*Provided data*:
☆ ☆ ☆

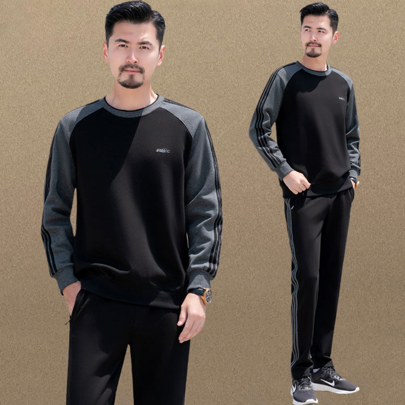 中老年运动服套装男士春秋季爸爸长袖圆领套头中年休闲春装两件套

☆ ☆ ☆

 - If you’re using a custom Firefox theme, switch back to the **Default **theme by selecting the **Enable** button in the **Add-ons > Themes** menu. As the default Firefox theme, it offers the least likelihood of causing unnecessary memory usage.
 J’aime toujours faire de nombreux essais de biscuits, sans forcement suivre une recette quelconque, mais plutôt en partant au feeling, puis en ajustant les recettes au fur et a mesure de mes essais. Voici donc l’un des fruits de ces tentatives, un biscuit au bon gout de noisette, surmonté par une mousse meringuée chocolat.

☆ ☆ ☆

*Assignment*: Above are the records; copy exactly the lines from the line with "- If you’re" through the line with "J’aime toujours faire", both included.

*Answer section*:
 - If you’re using a custom Firefox theme, switch back to the **Default **theme by selecting the **Enable** button in the **Add-ons > Themes** menu. As the default Firefox theme, it offers the least likelihood of causing unnecessary memory usage.
 J’aime toujours faire de nombreux essais de biscuits, sans forcement suivre une recette quelconque, mais plutôt en partant au feeling, puis en ajustant les recettes au fur et a mesure de mes essais. Voici donc l’un des fruits de ces tentatives, un biscuit au bon gout de noisette, surmonté par une mousse meringuée chocolat.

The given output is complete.